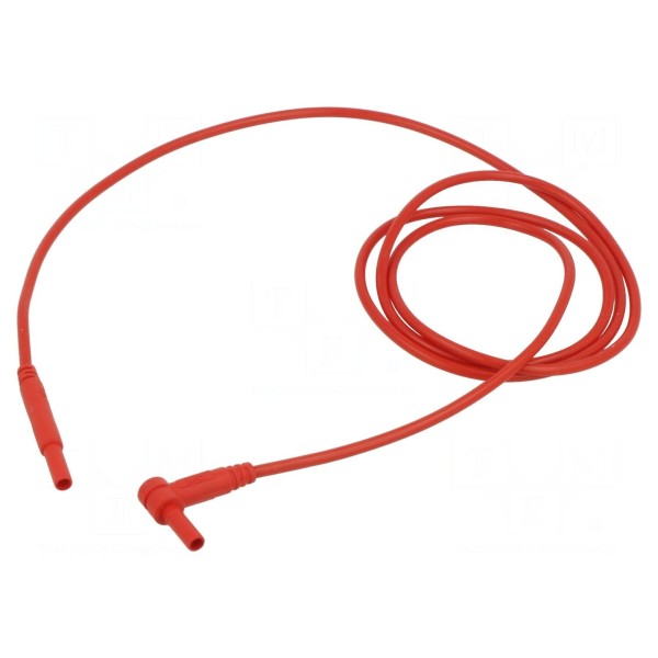 Przewód pomiarowy STÄUBLI o długości 1 m wyposażony jest w dwa wtyki bananowe 2 mm, z których jeden jest wtykiem kątowym. Konstrukcja charakteryzuje się przekrojem żyły 0,5 mm² oraz zastosowaniem izolacji wykonanej z silikonu. Złącza posiadają złocone styki oraz izolowaną obudowę, co wpływa na parametry styku elektrycznego.
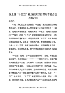 在全县“十五五”重点投资项目谋划专题会议上的讲话.docx
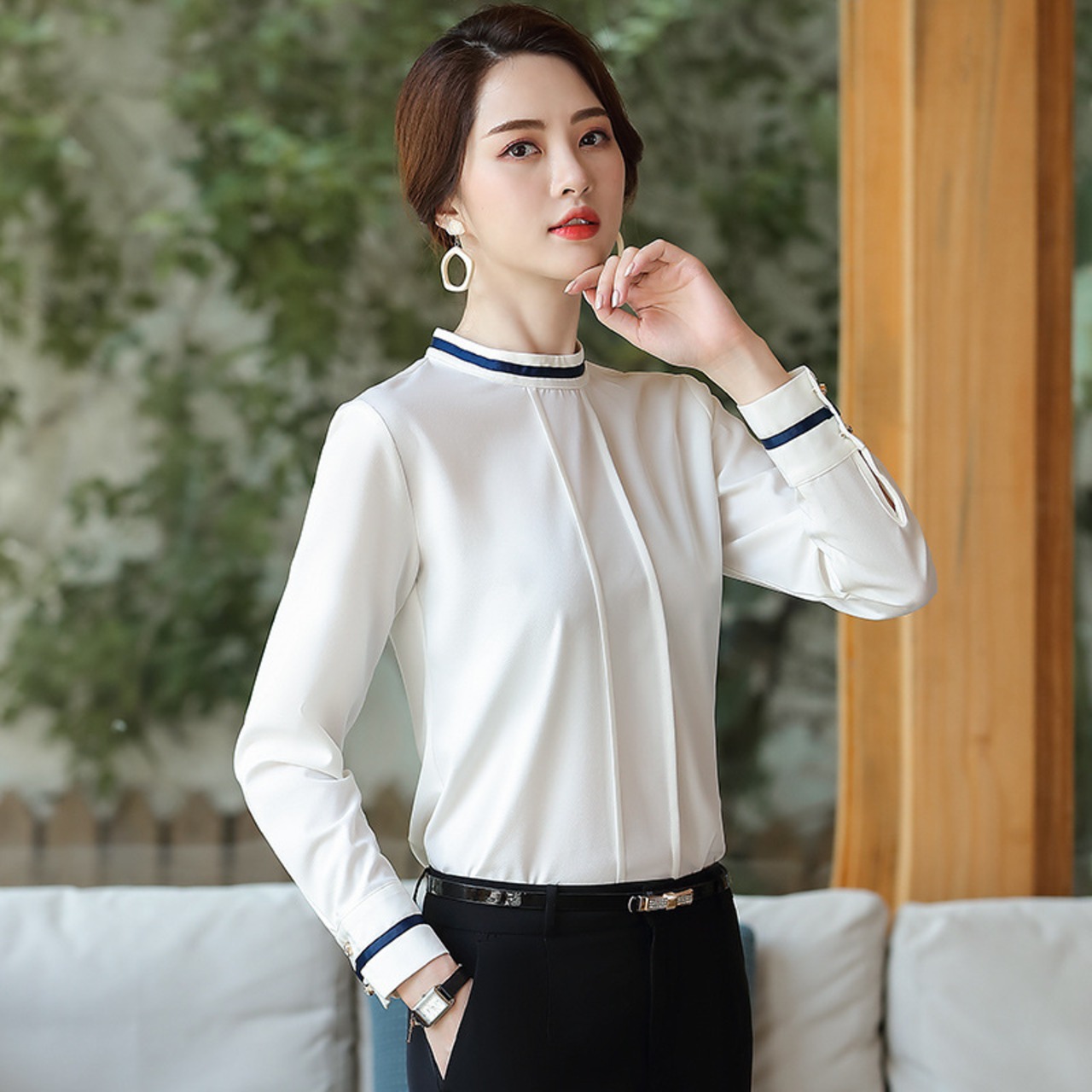 【新作】【送料無料】 Real s2020春秋新作シャツ気質プロフェッショナルウェアルーズラージサイズ長袖シャツ女性デザインセンス-アリババ ロング 大きめサイズ スプリング 春物 オータム 秋物 12b235532826283
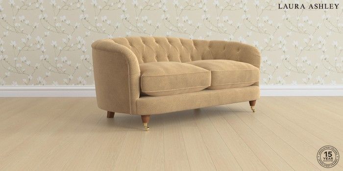 7.3.1 Buy Hathersage by Laura Ashley 2 Seater Sofa Lundar Chenille Caramel Natural Low Brass Castor - Teak from the Seasons online shop Click here to use our website with more accessibility support, for example screen readers
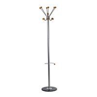 Álló fogas hét kampóval a ruhák tárolására. A kampók dizájnosan, spirálszerűen vannak elhelyezve, a hegyük krómozott. Beépített esernyőállvánnyal. A stabilitást kör alakú talp biztosítja.

******************************

The problem »
For each record above, write out its text exactly and skip any picture.

Response »
 Przewód pomiarowy STÄUBLI o długości 1 m wyposażony jest w dwa wtyki bananowe 2 mm, z których jeden jest wtykiem kątowym. Konstrukcja charakteryzuje się przekrojem żyły 0,5 mm² oraz zastosowaniem izolacji wykonanej z silikonu. Złącza posiadają złocone styki oraz izolowaną obudowę, co wpływa na parametry styku elektrycznego.
 在全县“十五五”重点投资项目谋划专题会议上的讲话.docx
 【新作】【送料無料】 Real s2020春秋新作シャツ気質プロフェッショナルウェアルーズラージサイズ長袖シャツ女性デザインセンス-アリババ ロング 大きめサイズ スプリング 春物 オータム 秋物 12b235532826283
 7.3.1 Buy Hathersage by Laura Ashley 2 Seater Sofa Lundar Chenille Caramel Natural Low Brass Castor - Teak from the Seasons online shop Click here to use our website with more accessibility support, for example screen readers
 Álló fogas hét kampóval a ruhák tárolására. A kampók dizájnosan, spirálszerűen vannak elhelyezve, a hegyük krómozott. Beépített esernyőállvánnyal. A stabilitást kör alakú talp biztosítja.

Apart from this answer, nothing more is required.